The Upper Crust

INEC’s jinxed system



I didn’t believe it was happening. Nevertheless it will be naïve to state conclusively that one didn’t see it coming, however, my hope was that whatever issues there were could be and should have been sorted long before the waiting game commenced night of Friday last week. Presidential and National Assembly elections were scheduled for February 16, 2019 long before this year. The first test of that timeline is what has now become a shifted process, leaving millions of Nigerians in unmitigated hopelessness and anger. The announcement for the adjusted timetable for the election was made around 2.30am on Saturday, the day first scheduled for the election.
During his briefing to elaborate on what caused the shift, Chairman of the Independent National Electoral Commission, INEC, Mahmood Yakubu was emphatic that logistics and some safety concerns were responsible for the shift. He also hinted that after the conclusion of the general elections, every stakeholder must sit down and have a conversation about the whole gamut of election management in the country. This hint is at the heart of the matter. It is evident that there’s a structural problem within INEC or election management generally in Nigeria that requires honest discussion. We will return to that on a later date, but suffice it to say that our electoral management systems both at federal and state levels are set up and funded to be partisan.
Back to now, the explanation by the chair of INEC wasn’t quite compelling for me.
Two issues stand out. One is the time the very moment the shift was announced and second are the reasons adduced. I have a big issue with the early morning announcement of the shift. Every project manager must have timelines for delivering on set goals. There’s hardly any organisation or individual who manages expectations that will not run into hitches. So I can cut INEC some slacks, however, knowing that you won’t deliver as promised cannot be at about four hours before an event. You should have known 48 hours prior. It is difficult to persuade me to think otherwise. It makes all of us look stupid if delivering on logistics had to wait till few hours to voting before realising that it wasn’t feasible any longer. A ball was dropped!
Reasons such as incomplete election materials, mix-up of materials in some states and acts of violence, including arson in three states could not have been plausible if other variables were good. In the case of Anambra for example, INEC had assured the nation that it had made contingency arrangement which had worked. So bringing that reason back as part of why the election was moved isn’t clear to me. I sympathise with INEC over the deliberate sabotage of some of its operations; nevertheless, they were not enough to call off the process. Not at the time it was called off. I reckon that there could have been more serious matters that the commission isn’t prepared to share with the public at the moment.
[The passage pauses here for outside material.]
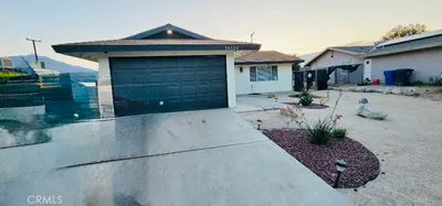 Renovated single family residence home on a large corner lot, this is one of the best-value move-in ready homes in the area. Featuring hardwood kitchen cabinets, smart A/C in every room, and ADU potential.This 2-bedroom, 1-bath Single Family Residence home (900 sq ft) offers a bright, open layout in a prime central location near schools, shopping, and essential services. Inside, enjoy new luxury vinyl plank flooring and recessed LED lighting throughout.The custom kitchen features solid hardwood cabinetry (not shaker), soft-close drawers, quartz countertops, new plumbing, and matching appliances. Additional upgrades include new doors and dual-pane windows, a fully redesigned bathroom with quartz finishes, updated switches with dimmers and GFCIs, and a ceiling fan in the bedroom.Stay comfortable year-round with high-efficiency 11,000 BTU smart A/C units in each room, controlled by remote or app.Outside offers a welcoming entry, fully fenced yard, and private backyard ideal for relaxing or entertaining.Highlights include a newer roof (under 2 years), indoor laundry, detached garage with ADU potential (buyer to verify), covered 2-car carport, no HOA, and approx. 15 minutes to Palm Springs.Move-in ready, efficient, and full of upside- don't miss this opportunity.

I may be wrong.
Another thing I have noticed is dearth of information management at the commission. Nobody, I’m sure is speaking for the election manager of the nation at the moment. Sometimes they say a media aide to the chair, at other times, a national commissioner in charge of information and voters’ education speaks. Both are not qualified. INEC should have a robust public relations department under the leadership of the commissioner in charge of information as highlighted earlier. We have had strong PR or media unit before at INEC. The time when Tony Iredia was there was brilliant, one wonders why such times was abandoned for this mediocre information management system they have adopted. It looks too ad-hoc, naïve and amateurish to me. This is why at such anxious moment such as last Friday, even before it and going forward, Nigerians were left to speculate.
It’s also suspicious that information about the postponement was already in the public domain hours before INEC chair announced it. This is why his explanation that they were still hopeful as at 2.00am on Saturday is not tenable. Media houses quoted INEC sources to authenticate their stories. This is a betrayal of the nation. Whatever those snippets of information was meant to achieve has not portrayed the leadership of INEC in good stead. You give out information suggesting a shift to your media friends, then leave it late to tell the nation about a decision you had taken? This is typical of a system that lacks strategic communication experts in its fold.
Now that the shift has occurred in spite of my reservations, I think that it is important to not get contaminated by partisanship that has filled the air. Political parties will always attempt to outdo each other with propaganda. You will find a party that called for the head of the chair of INEC in the morning, but in the evening blames his opponent for wanting to relieve the umpire. Politics is also about manipulation of emotions. In spite of this, it is INEC’s role to ensure that confidence is restored among the electorate. How they do that will rest largely on the delivery of fair process by Saturday. It will be ridiculous if by Saturday we are saddled with the same issues as raised by INEC which necessitated the shift in the first place. There was minimal tension before the no-event of last week, a sharp contrast to what was obtainable in previous election cycles; with the shift however, anxiety is viewing, tension has returned because the people are now suspicious of the process. INEC’s system is broken, it’s jinxed. Who will fix it?  Nevertheless, let’s be hopeful.